Ollie froze. It sounded like a huge dog breathing. Definitely not the sound of a scarecrow. The steps were getting closer. Ollie crept between two stalks of corn and hid.
A creature came snuffling down the long line of the maze.
Ollie didn’t realize she was biting her lip until she tasted blood. It was a dog—sort of. It had a coat the color of mushrooms, a snout like a hound, paws like a cat, and eyes of a perfect egg white. Its sides went in and out, and its breathing was louder than the cornstalks. It made Ollie think of the minotaur in the labyrinth.
The beast came closer, growling low in its chest. It paused. Sniffed the air. Sniffed again. Its ears swiveled towards Ollie, and then it peered between the cornstalks and saw her.
She stared into eyes white as two cooked eggs and she could barely breathe.

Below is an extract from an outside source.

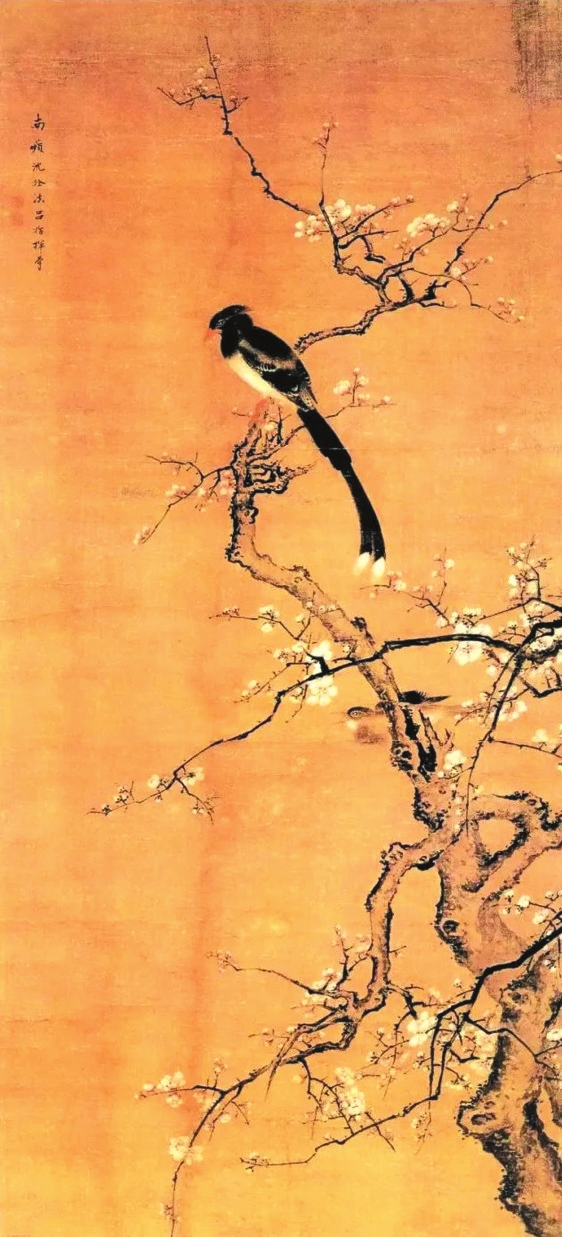 宋代畫家筆下的梅花大都與禽鳥有所關(guān)聯(lián),這主要得益于花鳥畫在此時的繁盛之勢。宋徽宗趙佶的《臘梅山禽圖》就把梅花與白頭翁聯(lián)系起來,描繪了在乍暖還寒的季節(jié)里,兩只相伴而生的白頭翁立于臘梅枝頭的場景,給觀者帶來復(fù)蘇之感。作品左下角題詩“山禽矜逸態(tài),梅粉弄輕柔。已有丹青約,千秋指白頭”,表達(dá)了愛情之思。因為白頭翁在傳統(tǒng)文化中象征吉祥與幸福,是對白頭偕老的隱喻,當(dāng)它與梅花結(jié)合起來時,便會強(qiáng)化人們對美好愛情的聯(lián)想。

The beast didn’t move. But it growled again. “Come out, little girl. Come out.” Talking. Like a person. The ege of a fang just showed beheath its lip.
Ollie tried to think. Those eyes. That voice. Were they—were they familiar? She’d seen egg-white eyes before. Seen them pressed up against a bus window. Watching her. Just like they were doing now.
At night they’ll come for the rest of you.
She swallowed. And then she spoke, squeaking. “Are you—are you the bus driver?”
The beast didn’t answer directly. But it’s mouth dropped open, panting. She saw the red tongue, the red lips.
“Come out,” the beast whispered again, and this time reached out a stealthy, clawed foot.
Ollie jumped back, and then on a surge of fear and desperation, wrenched around and dug into her backpack. She scrabbled in her lunch box and on a burst of courage, thrust her way out of the corn, held out two of her dad’s peanut butter cookies and said, “Don’t you dare touch me. I gave you food once before. Do you want some more?”
She hoped she was right. She prayed she was right. Her hand holding the cookies shook.
The beast had stepped back. It shut its mouth and eyed her. Its tongue flicked out, as though tasting the air. He licked his chops. His tongue darted toward the cookies.
Ollie stepped back. “No,” she said. “You have to trade me for it. Remember?”
Silence. Then a hoarse, deep voice crept out between the beast’s teeth. “What trade, little girl?”
If her classmates were scarecrows, Ollie thought a little hysterically, then it wasn’t too strange that their bus driver was a giant wolf-creature.
Ollie said, “Where are my friends?”
“Lost,” said the wolf. “Lost until dark, and then—scarecrows.”
Ollie broke off a piece of cookie and fed it to him. He licked it up with surprising delicacy.
“Do you know where they are?”
“Yes.”
She fed him another piece, thinking. Her watch would get her to the center of the maze. But Brian and Coco...
Ollie closed her fist on the remains of her cookies. She said, “I’ll give you the rest—I’ll give you all the food I have—if you go find my two friends, Brian and Coco, and bring them to the center of the maze. Before dark. If,” Ollie added hastily, “you don’t hurt them on the way.”
“It won’t help,” breathed the creature. “Even if you all get to the center. What he has, he holds.”
“We’ll see,” said Ollie, and held out her cookies.
The creature snapped them up, then practically inhaled the rest of her food. Ollie, a little forlornly, put her empty lunch box back in her backpack, hoping she’d done the right thing. The beast licked his chops. “He doesn’t feed me good things,” he said. “Only souls, sometimes. The used-up ones, dry as dead corn.”
Without another word, the creature turned and stalked away.
—
It was almost dark when the corn finally ended. Ollie found herself at the edge of an open space.